コラーゲン線維の染色には、通常ヴァン・ギーソン染色が用いられる。コラーゲン線維は3つの線維の中で最も広く、最も多く分布している。
原理
酸性フクシンおよびピクリン酸のコラーゲン線維および筋線維に対する親和性の違いに基づく二重染色。
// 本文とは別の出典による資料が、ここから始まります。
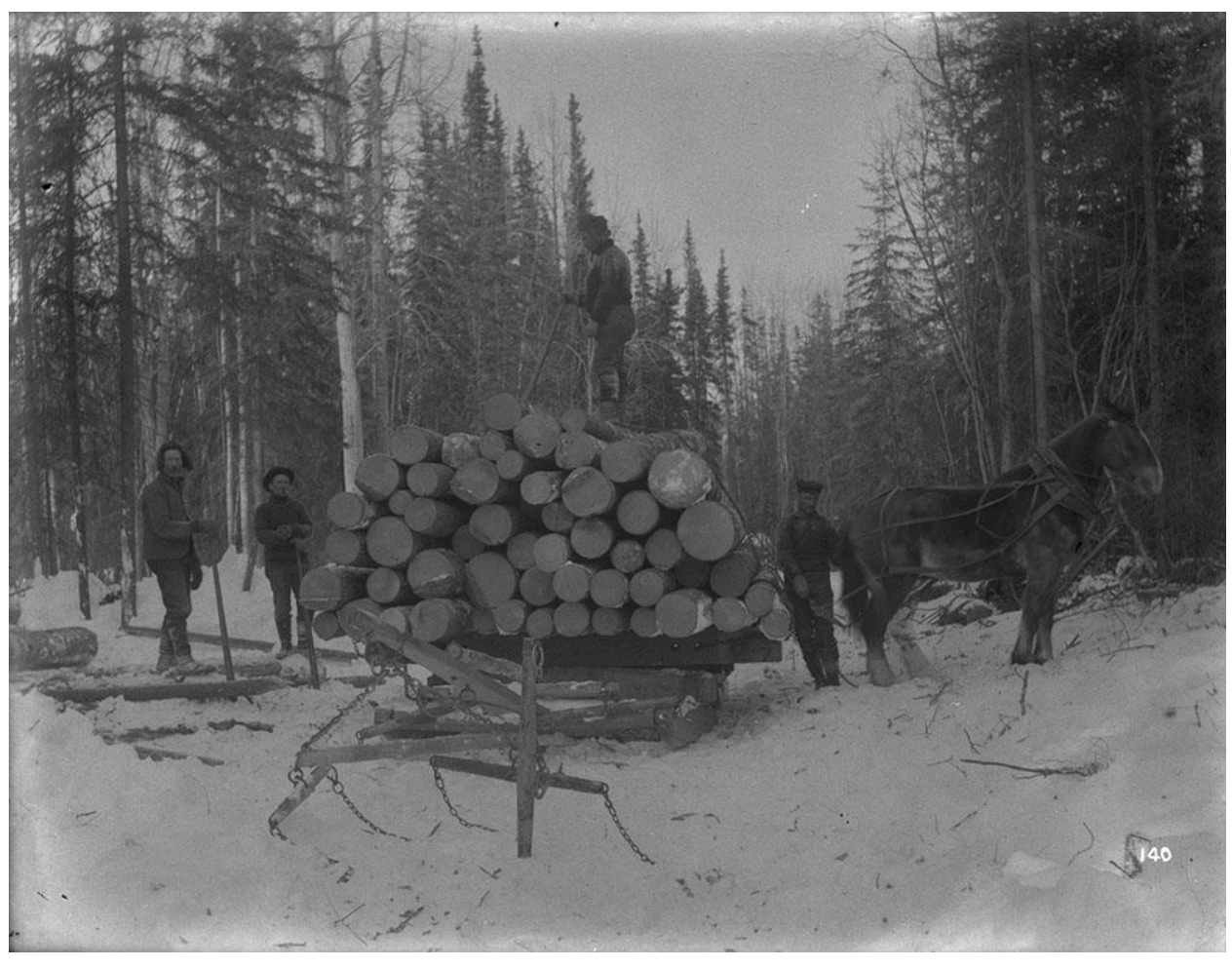
Lumbering Scene c.1917

were involved in the production of dressed or sawn lumber for the domestic and American markets and owned large sawmills in a variety of communities across Ontario.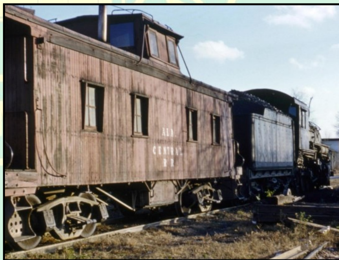
Alabama Central's caboose was formerly Southern Railway

In December, Southeastern Metal was awarded the contract to scrap the remains of engine No. 28, which was sitting at Marigold sans pilot wheels on the only section of rails still owned by the railroad, and the half-dozen or so hopper cars that Marigold Coal Mining had bought from the Lackawanna several years previously for on-line use. The cars had been resting in mud since October, when the rails had been yanked from under them.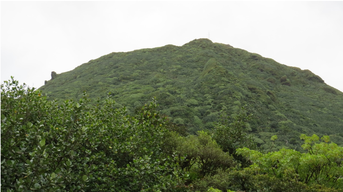
Day 1 - view of Northern side of Morne Micotrin from Boeri Lake road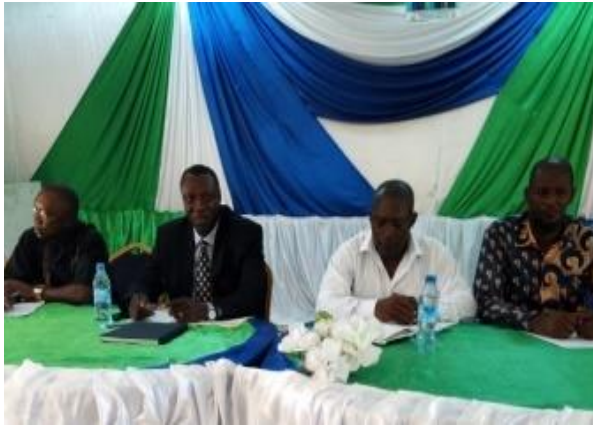
In Bo DG addresses Civil Servants in the South

The second monitoring exercise of IPAS in November 2018 in the regions was led by the Director General (DG). Civil Servants in the regions for over 30 years had the opportunity to meet and interact with the DG, discussed, and shared knowledge on pertinent Management and Welfare issues relating to the Civil Service.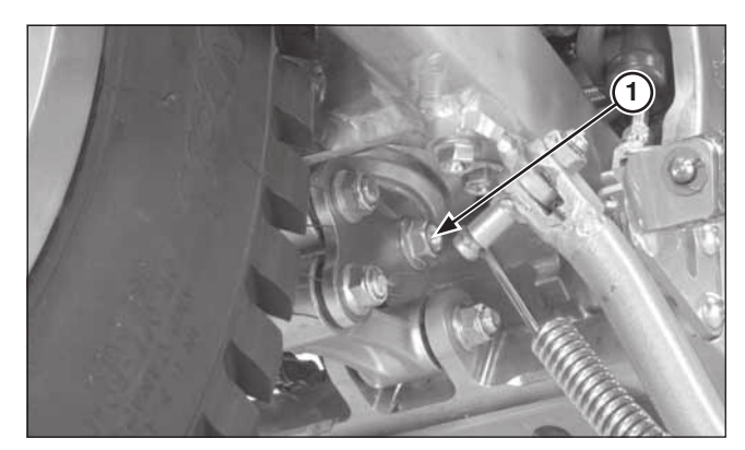
(1) LOWER MOUNTING BOLT/NUT

Set the shock absorber into the frame and install the upper mounting bolt from the left side. Install the nut.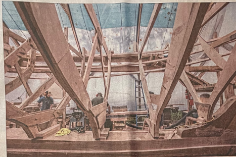
Steve Denette, left, and a crew of volunteers work inside the boat hull in mid-September trimming planks of rough-milled white oak for the all-wood Arabella.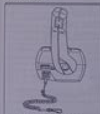
COMMANDER 3000 PANEL MOUNT REMOTE CONTROL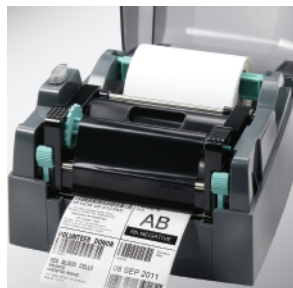
Uses standard low-cost labels and ribbons

コラーゲン線維は酸フクシンと結合して赤色からピンク色になり、筋線維はピクリン酸と結合して黄色に見える。
方法
1.組織を10%ホルムアルデヒドで固定し、通常の方法で水和し、包埋する。
2.組織を水中で脱パラフィンする。
3.Weigert鉄ヘマトキシリンで5~10分間染色する。水洗する。
4.1%塩酸エタノールで迅速に鑑別する。流水で数分間すすぐ。
5.Van Gieson溶液で1~2分間染色する。
6.ステインを除去し、95%エタノールで数秒間手早く分化させる。
7.絶対エタノールで脱水し、キシレンで透明にする。マウントメディアでマウントする。
注意
1.ワイガート鉄ヘマトキシリン溶液は、使用前にA液とB液を等量混合して調製する。事前に混合しないと酸化沈殿が生じ、染色性が失われる。
2.VG染色後は95%エタノールで速やかに組織を鑑別する。
3.酸性フクシンは水に溶けるので、VG溶液で染色した後は水洗しない。代わりに95%エタノールを直接加えて鑑別し、絶対エタノールで脱水する。そうしないと、VG染色の色が弱くなったり変色したりする。